→ **Aim of the exercise**
In the listing below, find the line that contains "今日の献立は、牛乳、黒砂糖パ" and the line that contains "Skibsmaleri med motiv". Quote both and every line between them, exactly, and nothing more.

→ **Available data**
——————————
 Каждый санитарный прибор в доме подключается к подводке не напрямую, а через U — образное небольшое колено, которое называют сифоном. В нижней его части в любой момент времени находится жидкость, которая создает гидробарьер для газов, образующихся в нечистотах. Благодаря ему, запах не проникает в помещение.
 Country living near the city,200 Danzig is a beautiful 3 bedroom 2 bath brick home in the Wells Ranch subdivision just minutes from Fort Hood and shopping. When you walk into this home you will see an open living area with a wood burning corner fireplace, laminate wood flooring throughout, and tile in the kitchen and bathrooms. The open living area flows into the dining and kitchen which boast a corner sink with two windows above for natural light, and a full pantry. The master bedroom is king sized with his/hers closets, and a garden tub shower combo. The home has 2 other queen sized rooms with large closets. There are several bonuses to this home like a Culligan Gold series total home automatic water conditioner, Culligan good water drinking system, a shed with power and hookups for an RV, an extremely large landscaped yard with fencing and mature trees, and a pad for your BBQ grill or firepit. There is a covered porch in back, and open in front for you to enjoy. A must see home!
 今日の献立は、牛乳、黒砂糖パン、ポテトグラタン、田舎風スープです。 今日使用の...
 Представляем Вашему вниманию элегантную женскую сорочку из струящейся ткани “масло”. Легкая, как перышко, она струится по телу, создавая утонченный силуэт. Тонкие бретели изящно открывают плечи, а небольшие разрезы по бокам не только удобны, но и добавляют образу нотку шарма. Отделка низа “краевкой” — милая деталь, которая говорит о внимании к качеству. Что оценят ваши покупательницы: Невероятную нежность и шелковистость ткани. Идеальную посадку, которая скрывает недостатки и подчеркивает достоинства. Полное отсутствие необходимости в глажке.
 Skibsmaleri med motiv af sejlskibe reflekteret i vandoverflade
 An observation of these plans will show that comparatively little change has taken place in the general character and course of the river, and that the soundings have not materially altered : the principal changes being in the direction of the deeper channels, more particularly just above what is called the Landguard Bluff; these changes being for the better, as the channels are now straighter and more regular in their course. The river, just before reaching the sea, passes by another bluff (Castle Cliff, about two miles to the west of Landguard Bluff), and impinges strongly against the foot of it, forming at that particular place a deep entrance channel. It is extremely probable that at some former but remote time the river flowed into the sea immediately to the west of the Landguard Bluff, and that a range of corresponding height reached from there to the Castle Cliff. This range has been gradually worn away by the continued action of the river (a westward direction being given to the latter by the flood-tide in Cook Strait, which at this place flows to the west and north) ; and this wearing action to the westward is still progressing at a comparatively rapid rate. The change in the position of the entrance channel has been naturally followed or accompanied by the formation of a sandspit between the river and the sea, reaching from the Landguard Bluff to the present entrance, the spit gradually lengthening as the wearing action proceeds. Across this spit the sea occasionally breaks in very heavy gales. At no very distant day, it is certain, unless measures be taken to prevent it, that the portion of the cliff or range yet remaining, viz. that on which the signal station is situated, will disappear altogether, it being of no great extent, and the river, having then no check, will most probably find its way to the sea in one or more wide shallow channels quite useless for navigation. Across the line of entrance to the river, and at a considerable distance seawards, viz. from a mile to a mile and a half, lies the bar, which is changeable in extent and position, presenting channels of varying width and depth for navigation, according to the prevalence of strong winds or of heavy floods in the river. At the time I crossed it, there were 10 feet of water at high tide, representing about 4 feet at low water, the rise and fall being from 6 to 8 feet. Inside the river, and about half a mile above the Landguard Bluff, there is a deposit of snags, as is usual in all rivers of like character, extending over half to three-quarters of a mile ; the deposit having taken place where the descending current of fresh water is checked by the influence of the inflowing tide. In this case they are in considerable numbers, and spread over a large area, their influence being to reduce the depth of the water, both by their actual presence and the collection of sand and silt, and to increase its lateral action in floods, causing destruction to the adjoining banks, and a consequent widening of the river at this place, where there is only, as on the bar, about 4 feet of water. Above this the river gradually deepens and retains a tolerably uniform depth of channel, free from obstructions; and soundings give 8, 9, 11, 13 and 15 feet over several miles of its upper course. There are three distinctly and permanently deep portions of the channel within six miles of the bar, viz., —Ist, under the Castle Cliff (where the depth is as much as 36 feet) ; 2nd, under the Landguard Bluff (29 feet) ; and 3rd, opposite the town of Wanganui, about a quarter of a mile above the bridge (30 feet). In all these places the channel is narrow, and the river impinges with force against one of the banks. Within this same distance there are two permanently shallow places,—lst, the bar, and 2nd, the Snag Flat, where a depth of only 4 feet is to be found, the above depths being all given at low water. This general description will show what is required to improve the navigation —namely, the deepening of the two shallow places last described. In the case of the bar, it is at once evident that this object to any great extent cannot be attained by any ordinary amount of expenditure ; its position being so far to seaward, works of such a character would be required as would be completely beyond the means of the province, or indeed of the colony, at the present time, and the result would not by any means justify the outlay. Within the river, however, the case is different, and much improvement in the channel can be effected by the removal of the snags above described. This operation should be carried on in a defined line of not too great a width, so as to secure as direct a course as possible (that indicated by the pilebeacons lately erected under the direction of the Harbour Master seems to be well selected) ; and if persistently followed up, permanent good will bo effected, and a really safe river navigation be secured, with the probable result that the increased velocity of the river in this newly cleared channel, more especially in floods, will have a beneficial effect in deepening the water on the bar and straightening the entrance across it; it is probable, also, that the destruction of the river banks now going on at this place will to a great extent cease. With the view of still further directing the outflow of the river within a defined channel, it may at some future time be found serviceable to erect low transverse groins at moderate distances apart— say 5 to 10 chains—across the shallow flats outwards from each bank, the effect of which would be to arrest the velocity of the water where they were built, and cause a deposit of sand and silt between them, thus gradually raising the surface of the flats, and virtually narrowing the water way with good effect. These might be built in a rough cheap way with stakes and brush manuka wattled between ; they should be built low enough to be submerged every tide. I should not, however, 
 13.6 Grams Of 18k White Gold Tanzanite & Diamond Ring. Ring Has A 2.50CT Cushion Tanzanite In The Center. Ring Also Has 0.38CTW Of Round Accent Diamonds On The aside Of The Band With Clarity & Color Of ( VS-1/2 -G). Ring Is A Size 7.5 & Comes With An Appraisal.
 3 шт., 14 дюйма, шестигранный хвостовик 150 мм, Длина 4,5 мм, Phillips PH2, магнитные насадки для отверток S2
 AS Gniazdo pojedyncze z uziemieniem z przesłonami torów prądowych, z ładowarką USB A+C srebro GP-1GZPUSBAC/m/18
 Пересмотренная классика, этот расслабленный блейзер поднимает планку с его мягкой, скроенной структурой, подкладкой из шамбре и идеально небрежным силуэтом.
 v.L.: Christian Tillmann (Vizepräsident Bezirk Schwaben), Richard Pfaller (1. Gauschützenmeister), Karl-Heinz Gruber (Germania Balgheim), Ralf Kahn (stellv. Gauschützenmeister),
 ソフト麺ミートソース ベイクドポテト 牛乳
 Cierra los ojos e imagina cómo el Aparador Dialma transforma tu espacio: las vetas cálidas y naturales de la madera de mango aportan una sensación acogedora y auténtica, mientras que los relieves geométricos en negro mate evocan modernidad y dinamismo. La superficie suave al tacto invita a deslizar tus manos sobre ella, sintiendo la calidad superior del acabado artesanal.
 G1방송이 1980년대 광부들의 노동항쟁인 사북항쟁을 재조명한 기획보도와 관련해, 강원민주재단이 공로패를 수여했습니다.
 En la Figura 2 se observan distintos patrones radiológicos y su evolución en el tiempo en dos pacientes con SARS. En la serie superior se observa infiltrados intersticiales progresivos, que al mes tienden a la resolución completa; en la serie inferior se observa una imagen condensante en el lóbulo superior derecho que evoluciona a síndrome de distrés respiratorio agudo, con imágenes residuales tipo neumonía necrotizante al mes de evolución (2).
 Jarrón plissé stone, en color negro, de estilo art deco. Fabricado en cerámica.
——————————
→ **Your solution**
 今日の献立は、牛乳、黒砂糖パン、ポテトグラタン、田舎風スープです。 今日使用の...
 Представляем Вашему вниманию элегантную женскую сорочку из струящейся ткани “масло”. Легкая, как перышко, она струится по телу, создавая утонченный силуэт. Тонкие бретели изящно открывают плечи, а небольшие разрезы по бокам не только удобны, но и добавляют образу нотку шарма. Отделка низа “краевкой” — милая деталь, которая говорит о внимании к качеству. Что оценят ваши покупательницы: Невероятную нежность и шелковистость ткани. Идеальную посадку, которая скрывает недостатки и подчеркивает достоинства. Полное отсутствие необходимости в глажке.
 Skibsmaleri med motiv af sejlskibe reflekteret i vandoverflade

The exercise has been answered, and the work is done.